Roots and Wings (City Limits #1)(71)
“I don’t care if he went back to his wife, Rachelle. That has nothing to do with me.”
“It does, don’t you see? I’m back and I’m sorry.”
“You’re back? You were never here! It’s been months and now you just show up? What do you expect from me?”
I stood on the bottom step listening, knowing he probably heard me pull up anyway. Frankly, he probably heard me barrel ass out of the store parking lot. My truck was still too damn loud.
“The lady up town said you were with some Mutt girl.”
That’s when I said, from outside the door on the porch, “He’s been with me.” I opened the door and walked inside, head held high.
“Her?” she asked him, her voice thick with judgment. “You’re with her? Your name is Mutt?” she shouted in my direction.
I looked at his face, disgust from hearing her say Mutt all over it. He hated Mutt, but his reaction gave me a little hope.
Then I realized it wasn’t my fight, and he really only needed to deal with one crazy woman at a time. Everything was up to him.
I couldn’t sit around and watch. I wasn’t supposed to be there. I’d just been impulsive. Besides, what was I to say after all?
I’d left before he woke up, leaving without a note or a goodbye. I was no better than my f*cking mom. And if I couldn’t leave my dad yet, maybe he’d want to be with her anyway.
It was all his call. Still, I loved him.
“You, shut up,” I said to Rachelle, because I didn’t give a shit. Nobody gets away with talking to me like that. Never have.
Then I spoke to him. “Vaughn, I’m going to my cabin. When you’re done here … well, that’s where I’ll be.”
“You can’t tell me to shut up. This is my house.”
Yeah. I definitely needed to go or they were going to see a woman come unglued. But first, first I was going to tell her what I thought of that statement.
The house was hers? My ass.
“Your house, huh? Where do you keep the silverware? What breaker keeps Vaughn from getting the f*ck shocked out of him when he plugs too many things into the backsplash by the refrigerator? Where is the extra toilet paper? The clean towels? How many coats of paint did we put on this wall? Or that one? When was the last time the sheets were washed on your bed? This isn’t your house. And my name is Hannah.”
My adrenaline was making me feel like I was about to fly around the room, like a bird set free from a cage.
“Are you going to let her talk to me like that?” she asked Vaughn.
“She’s not wrong, Rachelle.” His tone was neutral.
I didn’t need to hang around for what was about to go down. I’d said my piece.
I just hoped that whatever he felt for her really was long gone. For his sake.
Also, having seen her I wondered, if he’d ever wanted her, how could he possibly want me? We were polar opposites. I’d never be like her, and she was nothing like the town tomboy I was. If that was what he was looking for I’d only be a disappointment when the newness wore off.

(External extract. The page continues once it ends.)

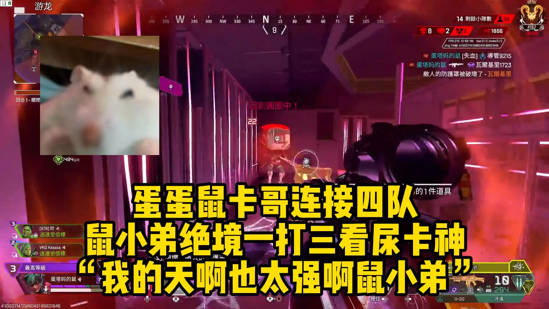 这是《Apex英雄》的游戏直播内容,龙哥在游戏过程中,让三明治帮忙弄一个直播号,想要对自己在游戏里的精彩操作进行切片,同时画面呈现了游戏内战斗、拾取物资等过程。

He could do better than both of us.
I got back into my truck and headed out to my cabin.
On one hand, if he didn’t show up, at least I’d have coffee to cry into, and my work was caught up so I could just wallow out there alone.
On the other hand, I could lose everything. Including things I wasn’t sure I was even ready for. Things I’d carelessly ran away from that very morning.
How had I ever thought she was what I wanted? The look on Rachelle’s face as Hannah asked her about the house was ugly in every way possible.
The way she sneered at Hannah as she spoke. As my strong, beautiful woman stood up for me.
The way Rachelle ignorantly looked down at her, having no clue how much she lacked in comparison to Hannah.
Every single point Hannah made was true.
“I’m sorry you drove all this way, but there isn’t anything for you here,” I told her. I didn’t need to be mean or callous toward Rachelle, I simply wanted her to leave. Just the same as she’d chosen to do months before.
“You’d really choose her over me?” she asked, her tone much calmer.
“I don’t have to choose. There is no you or her. It’s just her. Only her.”
She rolled her eyes, a truly unattractive trait of hers I never did like.
Leaned in the doorway of the kitchen, looking at her standing in my living room, I didn’t hesitate. “I think you better go.”
She gave me a doe-eyed, silent plea to reconsider, and it only made me shake my head.
After the moment passed, she huffed and marched toward the door, then turned around. But, before she could open her mouth to say whatever the hell she thought she needed to, I said it for both of us. “Goodbye.”
The door hadn’t even shut before I had my phone out dialing Hannah, but the battery died and my phone dropped the call.
Shit.
I went to find a pair of shoes to throw on, but the ones I usually left by the back door were gone.
She must have worn them earlier; she did that sometimes.
Wait.
I’d only been up a few minutes, but suddenly things weren’t adding up.
If she was just getting breakfast, then why didn’t she take my Escalade?